Gözleri kara bulutlarda dolandığında, "Sadece öylesine olmuş bir şey, karşılaşmamız gerekiyordu; evren bunu istedi." dedi sakince.

Bizim karşılaşmamız tesadüf değildi, o gece beni kurtardığı andan itibaren onda bir şeyler hissetmiştim. Gerçek anlamda beni kendine çekmişti ve bunun herhangi bir dış görünüş-karakter ile ilgisi yoktu; onun ruhu beni kendine çekmişti.

Bana dönmeden, "Nereye gideceksin?" der demez bir şimşek gökyüzünde çaktı. Yağmur yağacaktı, yağacağının ikimiz de farkındaydık ve ben bu havada nereye gideceğini bile bilmeyen bir zavallıdan başka hiçbir şey değildim.

Dudaklarımı büzerek, "Bilmiyorum." dediğim sırada yüzüme bir damla düştü. "Bu yağmurda nereye giderim ki? Neden şoförü gönderdin sanki?" Bana yaptığı iyilikti dışarıdan görüldüğü kadarıyla fakat bu iyilik sadece bir anlık sürmüş, yerini direkt olarak olumsuzluğa bırakmıştı.

Alayla kıkırdadığında dudaklarımı birbirine bastırdım. "Eve gitmek istiyor musun?" Yanaklarımı şişirerek gözlerimi yumdum. "Gitmek istediğin falan yok, sadece buna mecbursun; hatta siktir et, mecbur bile değilsin, kendini kandırma."

"Kendimi kandırmıyorum!" dedim kısık bir sesle isyankar tavrımı ortaya koyarken. "Kafamın nasıl karıştığını anlamıyor musun? Onlar benim ailem ve günün sonunda benim yanlarında duracağım kişiler, bana bakacak ve destek olacak kişiler. Oraya dönmeme rahatlıkla mecburiyet denebilir."
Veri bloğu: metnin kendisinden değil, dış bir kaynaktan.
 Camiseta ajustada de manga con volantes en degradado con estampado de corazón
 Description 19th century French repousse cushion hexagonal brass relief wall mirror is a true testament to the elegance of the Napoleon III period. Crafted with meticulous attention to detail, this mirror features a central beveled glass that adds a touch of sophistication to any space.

"Mecburiyet falan değil bu, muhtaçlık resmen; ilgi ve sevgiye muhtaç olmanın hafifleterek anlattığında beni değil kendini kandırmış oluyorsun." Sözleri bedenime bir ağırlık oturmasına neden olduğunda zorlukla yutkunarak ayaklarıma çevirdim bakışlarımı. Hiç çekinmeden aileme muhtaç olduğumu yüzüme vurmuştu fakat mesele bu değildi, mesele aileme muhtaç olmamın normal bir şey olmadığını savunmasıydı.

"Her çocuk," dedim kelimeleri cımbızla seçerken. "Sevilmeyi ve ilgi görmeyi hak eder, bu muhtaçlık değildir." Gözlerim kaçamak bir şekilde ona kaydığında bedenin gerildiğini fark ettim. Eli yumruk hâlini aldı, çenesini sıktı.
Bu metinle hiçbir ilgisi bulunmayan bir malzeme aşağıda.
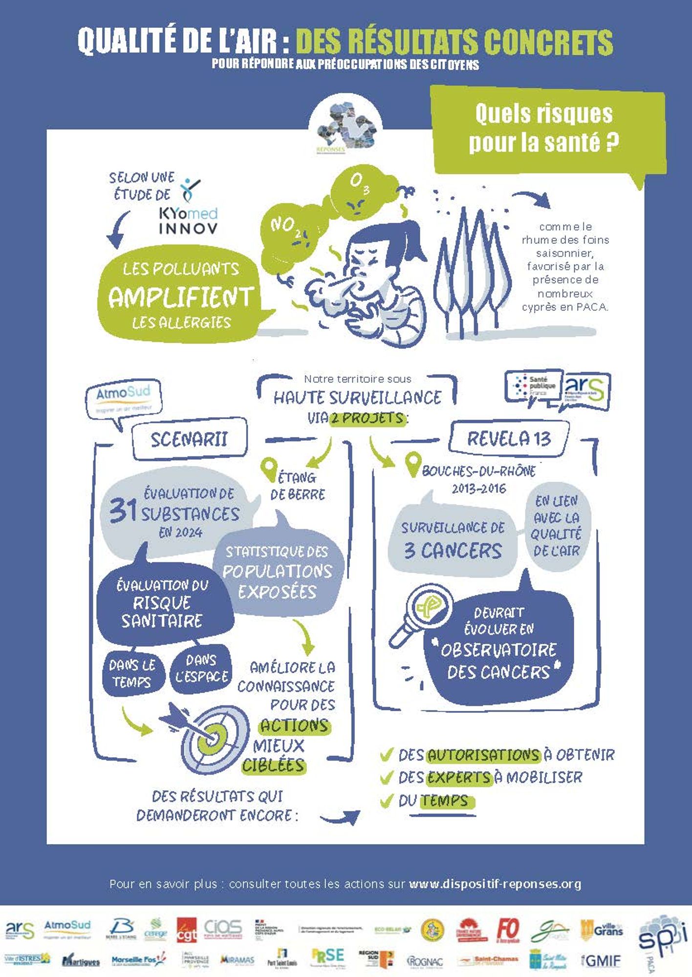 - D'études comme la récente étude Mistral, réalisée par KYomed INNOV, qui montre que les polluants atmosphériques amplifient les allergies, notamment l’ozone (O3) seul ou en association avec le dioxyde d’azote (NO2). C’est par exemple le cas du rhume des foins saisonnier, favorisé par la présence de nombreux cyprès en PACA.

Kafasını ağır ağır iki yana salladı. "Her çocuk hak etmez." dedi tek nefeste. "Hiçbir zaman çocuk olamayanlar hak etmez mesela, sırtında ağır yükler taşıyıp hayattan sayısız tekme yiyenler de hak etmez; neden bilir misin Jeon, onlar tamamen yabancı oldukları bu iki duyguyu kabul etmez çünkü. Yabancı herhangi bir hissin bedenlerine yayılması onlar için tehlikedir ki zaten ilgi ve sevgi onlar için oldukça yabancı olduğundan almazlar içlerine. Kabuklarına çekilir ve orada saklanırlar, sonra da bu kara yaşantılarını terk eder giderler. Bütün hikaye bu."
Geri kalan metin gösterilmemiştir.